Is post-editing distance the same as translation quality? What about post-editing effort?
Most of the segment-level translation metrics are correlated, but each answers a subtly different question.
Translation risk prediction can be customized to predict one of the many different possible metrics.
Was the machine translation edited or not?
Post-editing probability predicts whether a machine translation was post-edit, even by one character. It can be configured to ignore casing, whitespace, punctuation or insertions.
This is the default metric for risk prediction for hybrid translation with ModelFront.
By how many characters was the machine translation edited?
Post-editing distance has many of the same characteristics as BLEU. Like BLEU, it can be configured to be character- or word-level, to ignore edits in whitespace or punctuation and to be length-normalized. And like BLEU, it can penalize synonyms and reordering while not penalizing small but critical errors.
How much time did it take to post-edit the machine translation?
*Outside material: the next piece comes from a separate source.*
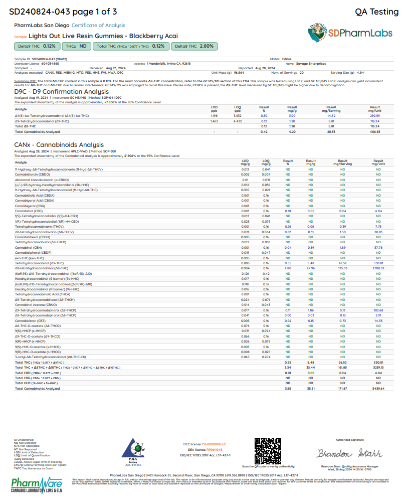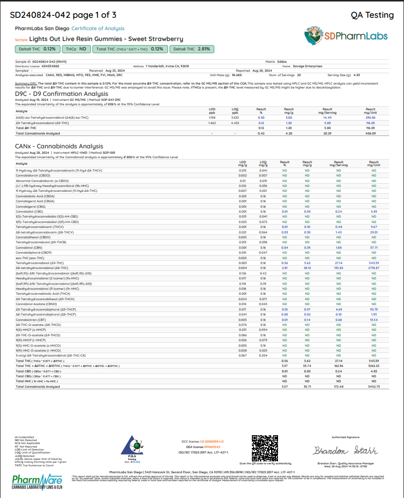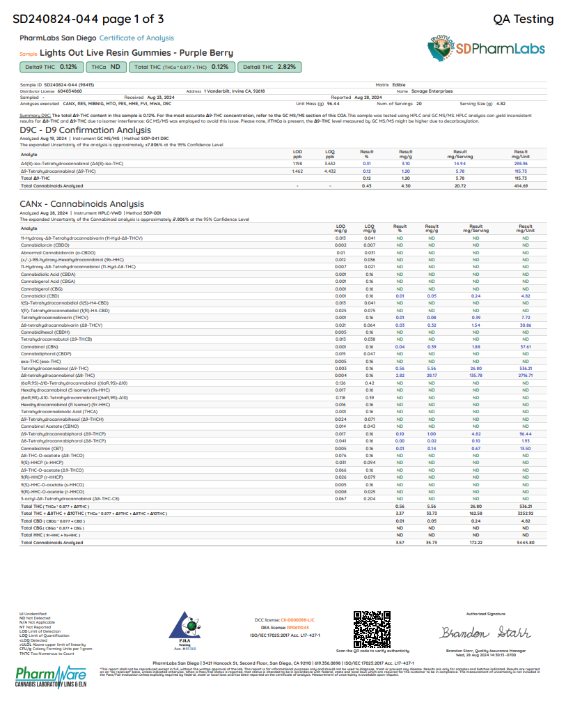 Corn Syrup, Sugar, Purified Water, Pectin, Delta-10 THC (1400mg/container, 70mg/serving), THC-JD (100mg/container, 5mg/serving), Delta-9 THC (100mg/container, 5mg/serving), THCh (100mg/container, 5mg/serving), THCP (50mg/container, 2.5mg/serving), Natural & Artificial Flavoring, Citric Acid, Sodium Citrate, Natural & Artificial Coloring.

Post-editing time more accurately reflects translator effort. However, it's difficult to know why a post-edit took a long time - was it terminology research or a coffee break - and to account for bulk or async actions like find-replace or questions to colleagues.
How good was the translation?
Direct assessment of quality takes into account human judgement of the quality of a human or machine translation. Quality can be binary label or a sliding scale, for a single dimension or many dimensions, like fluency and accuracy.
For example, it could be a commerce platform's feature Rate this translation on a scale of 1 to 5 stars, or Report this translation for offensiveness.
Quality is generally supposed to be independent of source-side risk and inherent difficulty.
There are many other potential metrics, like whether a translator requested clarification, whether a translator deleted the machine translation and started from scratch, whether the translation should be the same as the original, whether the post-edited translation is flagged during final review.
For filtering parallel data, the only metric that matters is whether it will improve the final machine translation system to be trained - but that's very difficult to know at filtering time, even for a human linguist.
Generate and store more data
Platforms, enterprises, language service providers and translation tools that generate and store more data about each translation
are in a position to get ModelFront custom risk prediction models for more metrics and more use cases.
When integrating a risk prediction model into a production application, it's important to consider application-specific business logic. For example, in a marketplace, certain products, text fields and locales have a higher impact on conversions and total sales, so the risk threshold should be adjusted accordingly.
When aggregating segment-level metrics into project-, corpus- or engine-level metrics, it's important to consider length-weighting the segments. For example, bad translations of longer segments require more post-editing effort. The aggregate quality score in the ModelFront console is weighted by the length of the original source text.